(ENTRIES SUPPLIED begins)
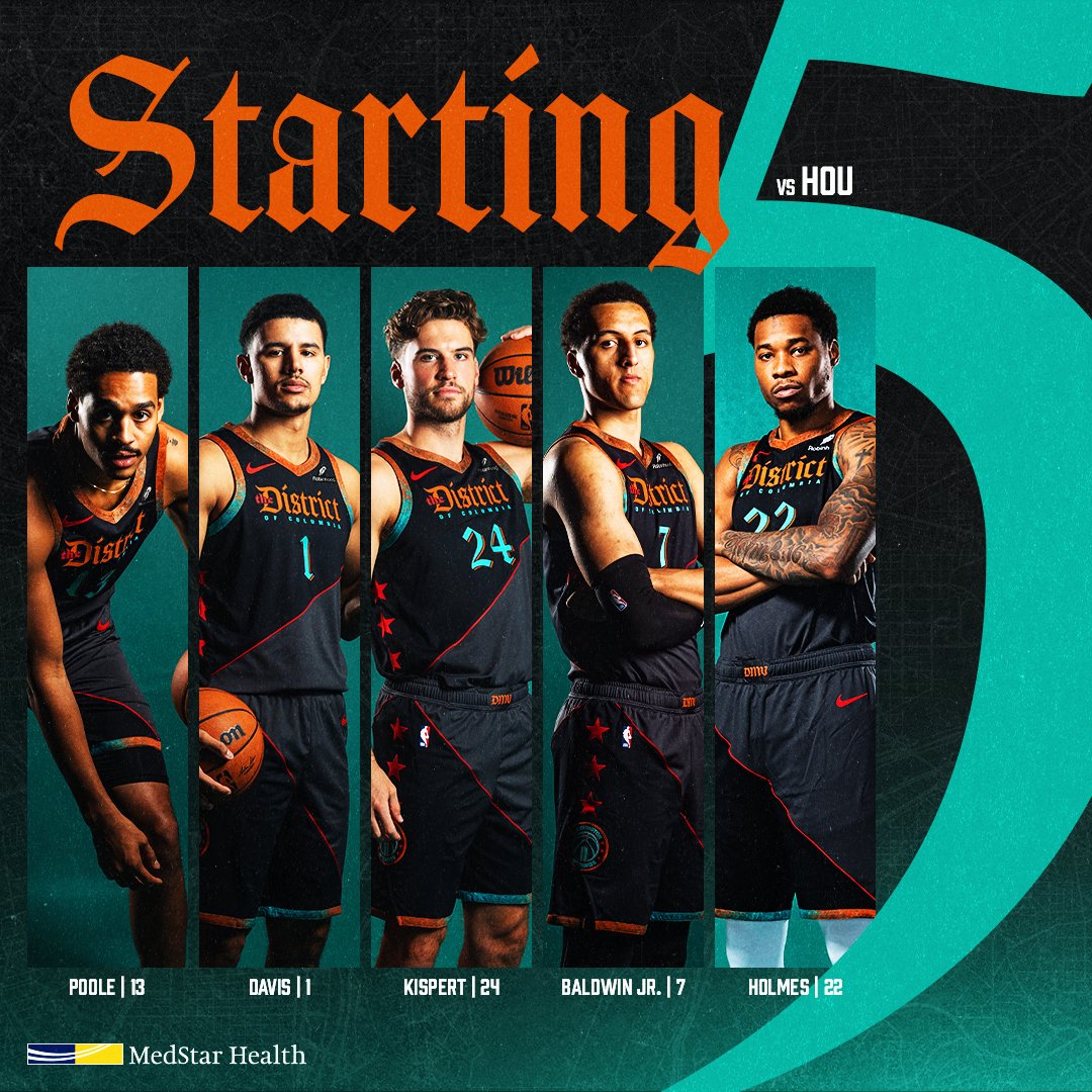 Wizards starters: Kispert, Baldwin Jr., Holmes, Davis, Poole. – 6:37 PM
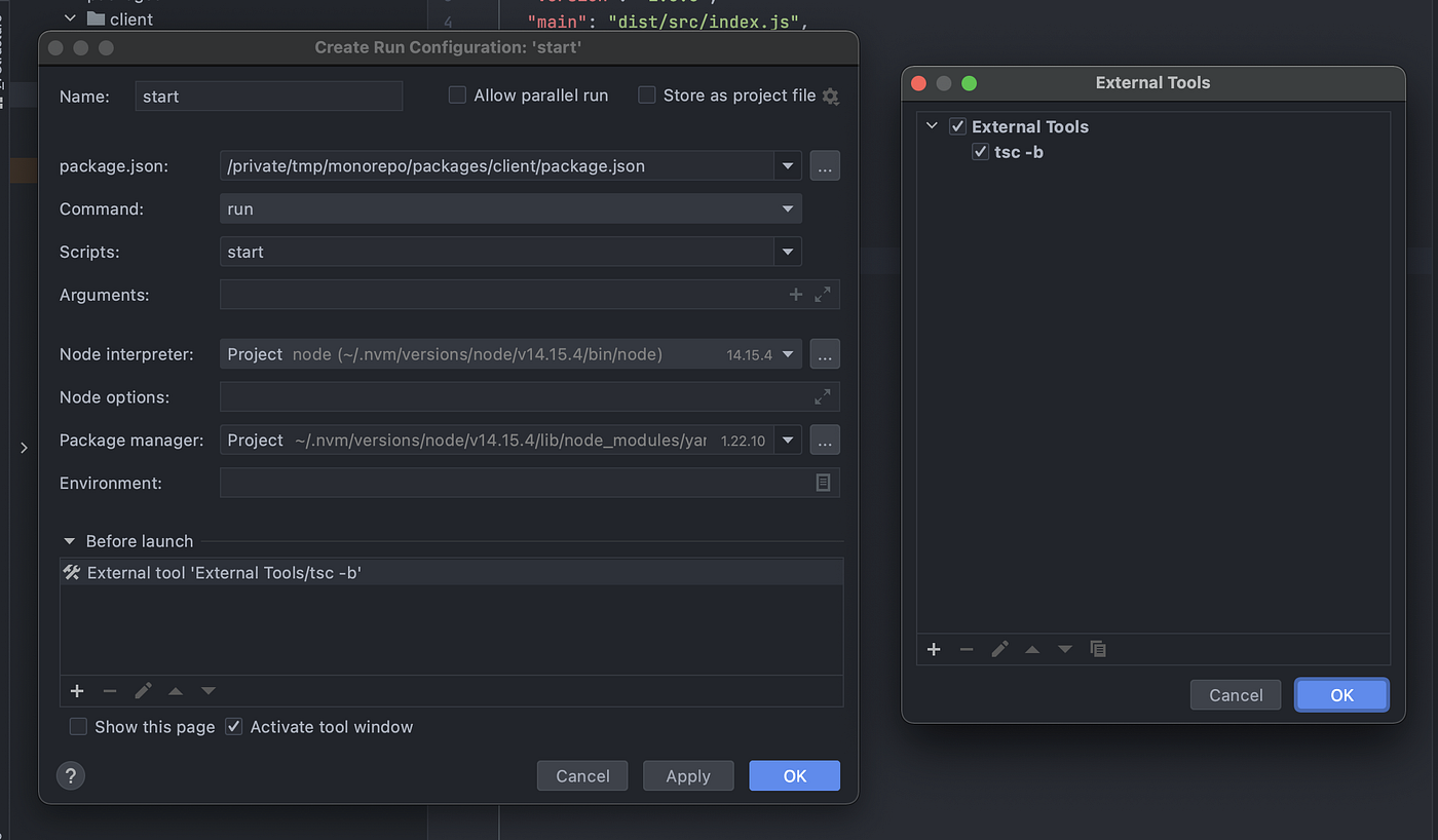 }The second one is trivial — we are just launching the start script in our client package. However, the first one is much more important as it tells our TypeScript compiler to find all referenced projects (and their tsconfig files), check if they are outdated, and build them in the correct order.
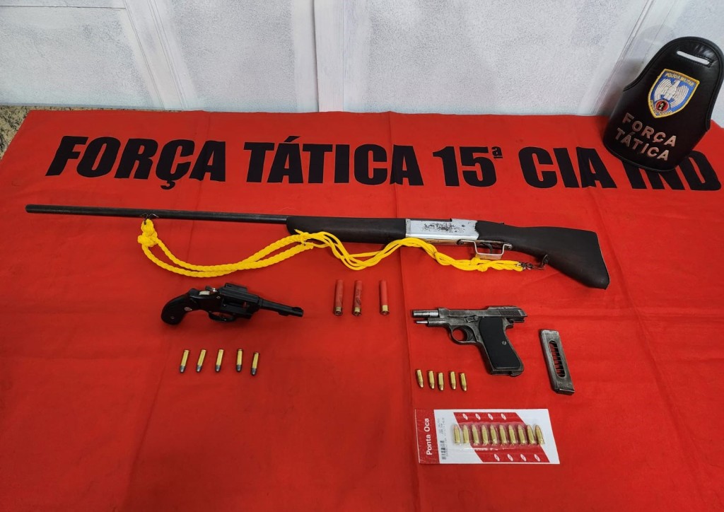 No último sábado (02), após a ocorrência de disparo de fogo registrada no 30/10/2024, no distrito de São José das Torres em Mimoso do Sul, a equipe da Força Tática realizou patrulhamento no local, quando apreenderam uma pistola calibre 7.65, um revólver calibre 32, uma espingarda calibre 36 e 23 munições.
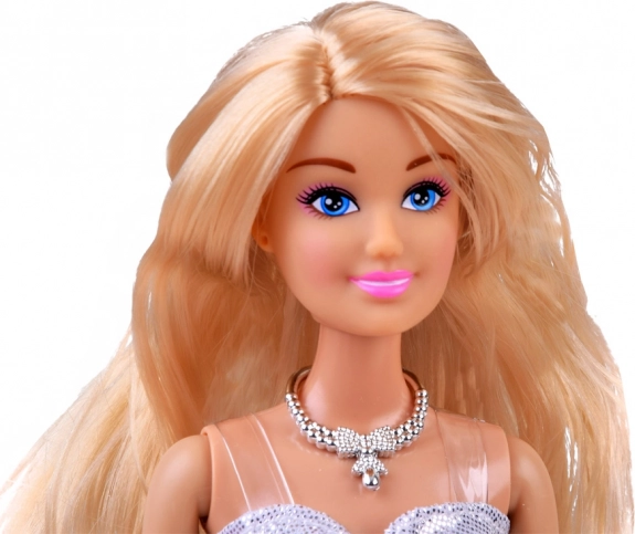 Lalka jest ubrana w elegancką srebrną spódnicę i nosi piękny naszyjnik, co podkreśla jej modny wygląd.
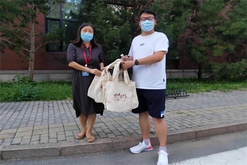 图一 魏二玲老师为学生送去防疫物资礼包
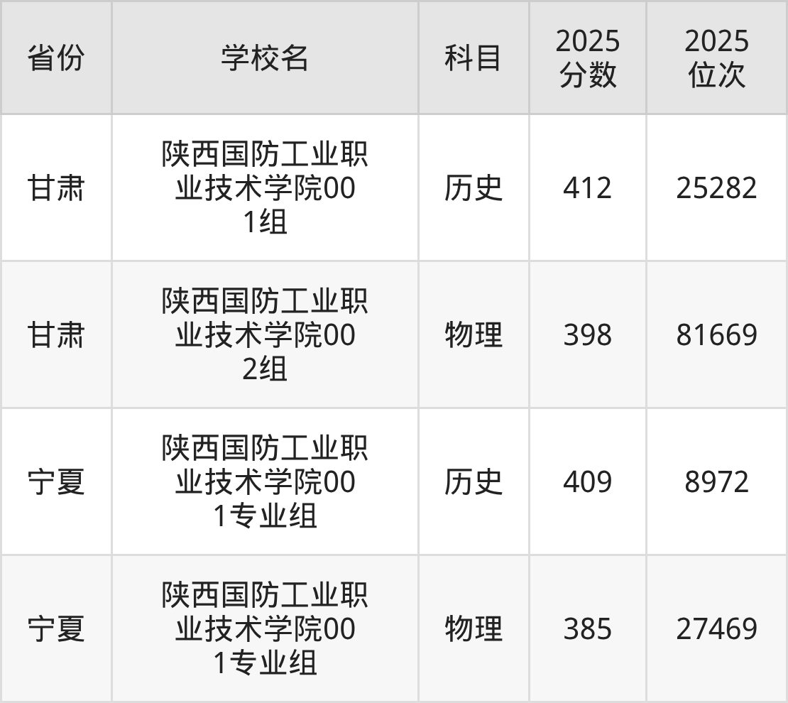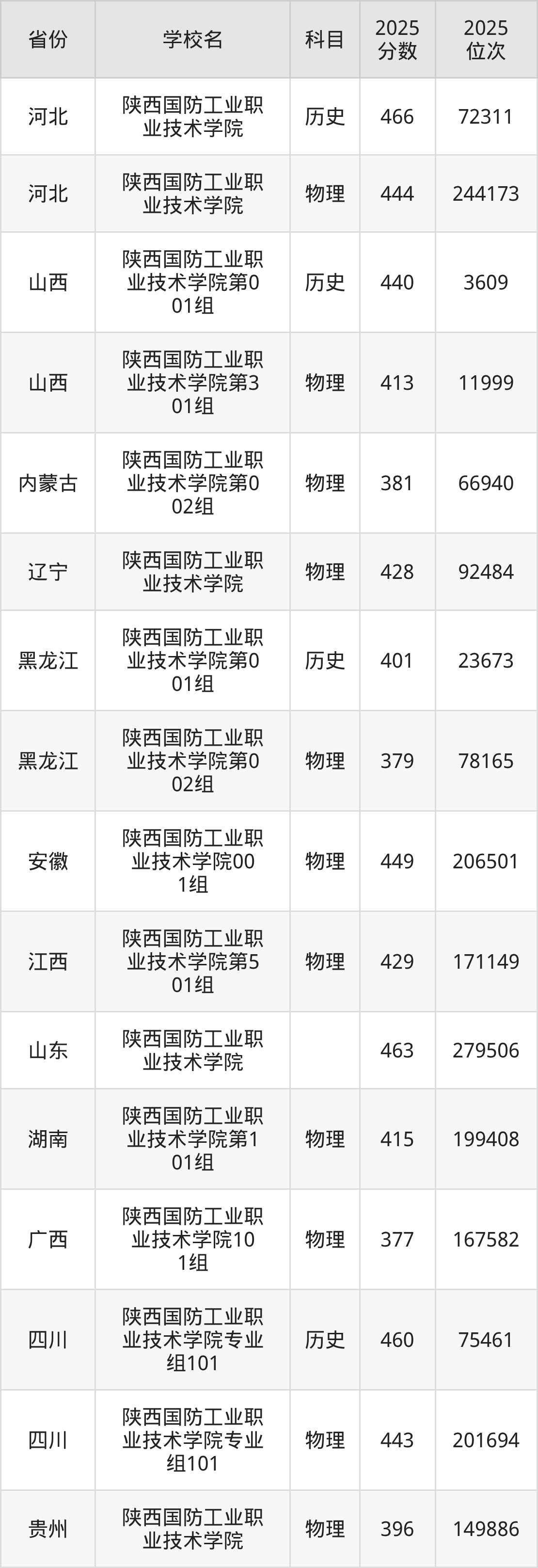 2026年陕西国防工业职业技术学院录取分数线预计在410分及以上,在各省录取最低分存在一定差异,如:2025年陕西国防工业职业技术学院在宁夏录取最低历史类409分、物理类385分,在河北录取最低历史类466分、物理类444分,在山西录取最低历史类440分、物理类413分。
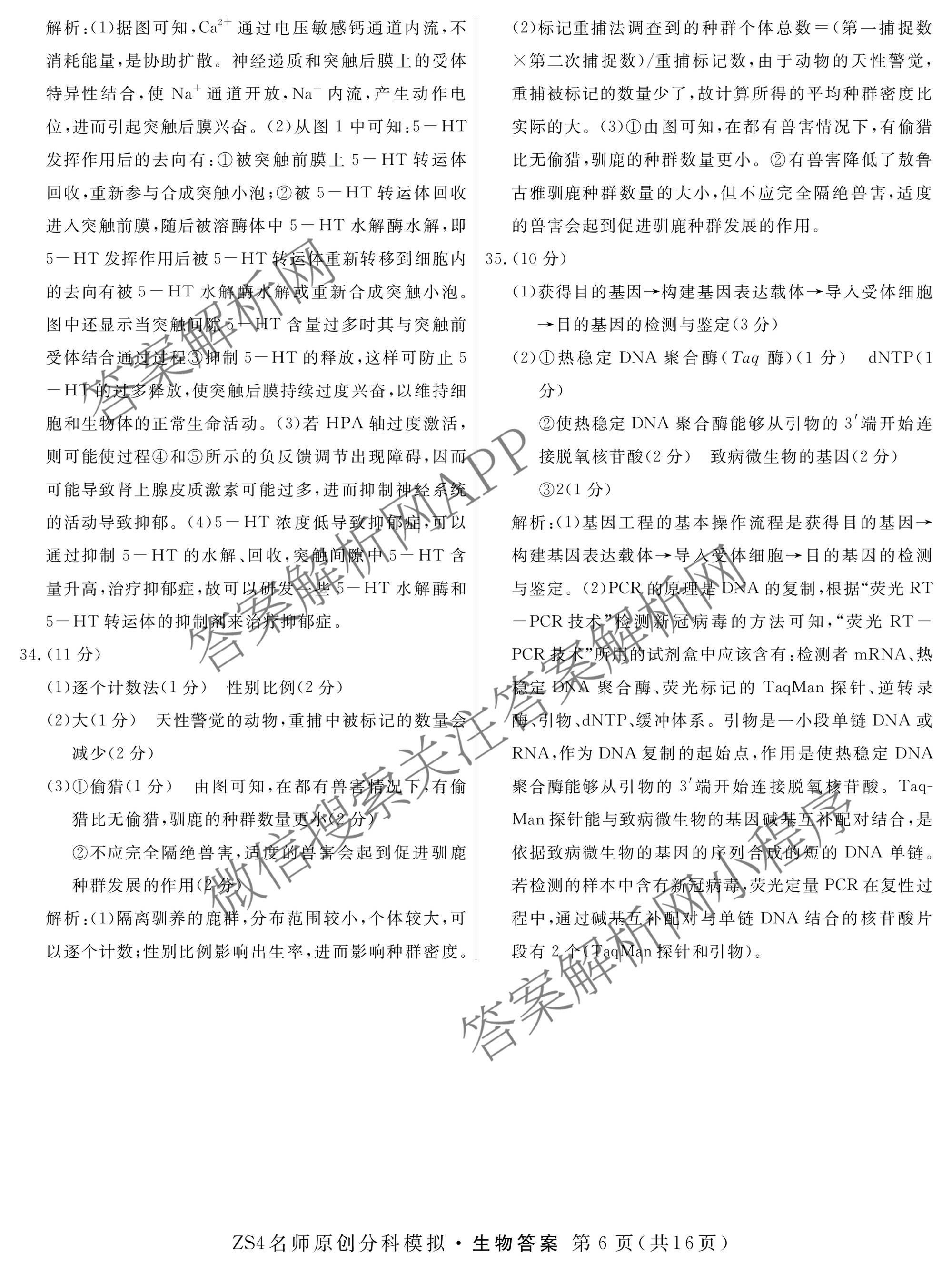 - [高三]2024届总复习名师原创分科模拟(八)8生物(S4)答案
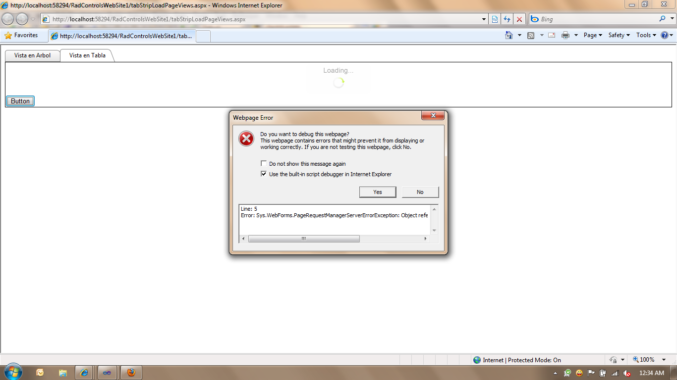 I am running lot of issues with Tabs with latest trial version in VS2010. While researching for solution i came across this forum. When i downloaded your files and added to new RAD Website template in VS2010 it throws an exception on button click.
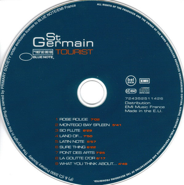 All tracks written, produced & mixed at The Magic House Studio. Mastering Translab, Paris Publishing Primary Society Publishing except track 6 Universal Music / Primary Society Publishing Photo cover: "Station du touriste St Germain". Paris Musée Carnevalet. PMVP/LADET. * Track 1 "Excerpts from 'Live At Montreux', as performed by Marlena Shaw used under license from Blue Note Records, a division of Capitol Records, Inc." ** Track 2 Lovely guitar by Mister 'Ernest Ranglin' courtesy of Palm Pictures" *** Track 6 Contains elements from "Harry's Philosophy" (Miles Davis & John Lee Hooker) used courtesy of Universal Music/Special Markets, Inc. (P) & (C) 2000 Primary Society Distribution EMI Music France The copyright in this recording is owned by Primary Society under exclusive license to Blue Note/EMI France Printed in the E.U. Marketed and distributed by EMI Packaging: 6-panel digipak.
(ENTRIES SUPPLIED ends)
## TASK
Please output, exactly and with no pictures, only the lines from the one containing "Lalka jest ubrana" through the final line of the records above.

## THE COMPLETED TASK
 Lalka jest ubrana w elegancką srebrną spódnicę i nosi piękny naszyjnik, co podkreśla jej modny wygląd.
 图一 魏二玲老师为学生送去防疫物资礼包
 2026年陕西国防工业职业技术学院录取分数线预计在410分及以上,在各省录取最低分存在一定差异,如:2025年陕西国防工业职业技术学院在宁夏录取最低历史类409分、物理类385分,在河北录取最低历史类466分、物理类444分,在山西录取最低历史类440分、物理类413分。
 - [高三]2024届总复习名师原创分科模拟(八)8生物(S4)答案
 I am running lot of issues with Tabs with latest trial version in VS2010. While researching for solution i came across this forum. When i downloaded your files and added to new RAD Website template in VS2010 it throws an exception on button click.
 All tracks written, produced & mixed at The Magic House Studio. Mastering Translab, Paris Publishing Primary Society Publishing except track 6 Universal Music / Primary Society Publishing Photo cover: "Station du touriste St Germain". Paris Musée Carnevalet. PMVP/LADET. * Track 1 "Excerpts from 'Live At Montreux', as performed by Marlena Shaw used under license from Blue Note Records, a division of Capitol Records, Inc." ** Track 2 Lovely guitar by Mister 'Ernest Ranglin' courtesy of Palm Pictures" *** Track 6 Contains elements from "Harry's Philosophy" (Miles Davis & John Lee Hooker) used courtesy of Universal Music/Special Markets, Inc. (P) & (C) 2000 Primary Society Distribution EMI Music France The copyright in this recording is owned by Primary Society under exclusive license to Blue Note/EMI France Printed in the E.U. Marketed and distributed by EMI Packaging: 6-panel digipak.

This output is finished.